Sozialverhalten: Eine moralische Vollmacht
Jeden Tag eine gute Tat – das wissen schon die Pfadfinder. Doch zu viel des Guten kann auch schaden: Wer glaubt, sich ethisch korrekt verhalten zu haben, offenbart anschließend mitunter weniger angenehme Charakterzüge. Selbst bei so einfachen Dingen wie Essen kann sich diese Neigung zeigen, wie Kedall Eskine von der Loyola University New Orleans herausfand.
Der Psychologe präsentierte seinen 62 Versuchspersonen zunächst Bilder von Nahrungsmitteln. Diese trugen entweder allesamt ein Biosiegel, oder es handelte sich um Süßigkeiten oder um neutrale Produkte wie Reis, Senf oder Bohnen. Danach lasen die Probanden Geschichten über Menschen, die sich unmoralisch verhielten, etwa über einen Mann, der seinen toten Hund aß, oder über einen Ladendieb. Die Testpersonen sollten die moralische Verwerflichkeit auf einer Skala einschätzen.
Anschließend fragte der Forscher scheinbar beiläufig, ob sie noch Zeit hätten, an einer weiteren Studie ohne Entlohnung teilzunehmen. Die Frage war allerdings fingiert: Der Wissenschaftler wertete die Antwort der Probanden lediglich als Maß für ihr soziales Verhalten.
Die Hilfsbereitschaft hing von dem zuvor betrachteten Nahrungsmitteln ab: Wer mit Bioprodukten konfrontiert worden war, zeigte sich weniger bereit, seine Zeit zu opfern. Auch die moralischen Urteile fielen härter aus.
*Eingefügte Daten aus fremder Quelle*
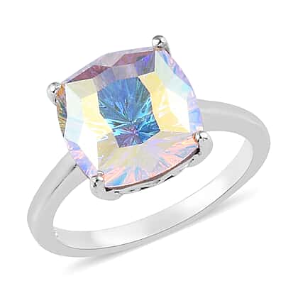 J Francis AB Crystal Ring in Platinum Overlay Sterling Silver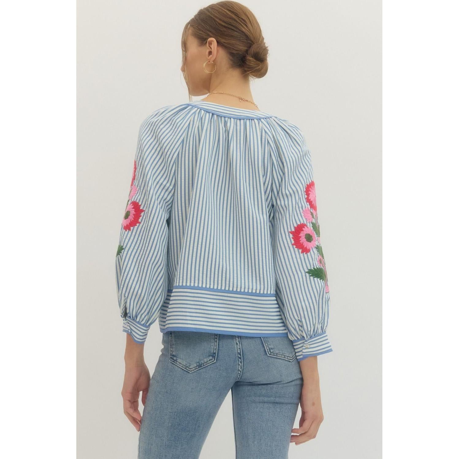 The Maribelle Embroidered Top blends classic stripes with beautiful floral details for a look that's effortlessly feminine. Featuring a band collar V-neckline with contrast binding, this top adds a polished touch while keeping things lightweight and easy.

Dieses Verhalten hing nicht davon ab, was die Probanden grundsätzlich von Bionahrungsmitteln hielten.
Allein die Betrachtung des Bioessens, so schlussfolgert Eskine, lässt uns moralisch integrer fühlen und mindert damit unsere altruistische Neigung. Anscheinend führen wir in unseren Köpfen eine Art Moralkonto: Jede gute Handlung erzeugt hier ein Plus und rechtfertigt ein nachfolgendes weniger soziales Verhalten.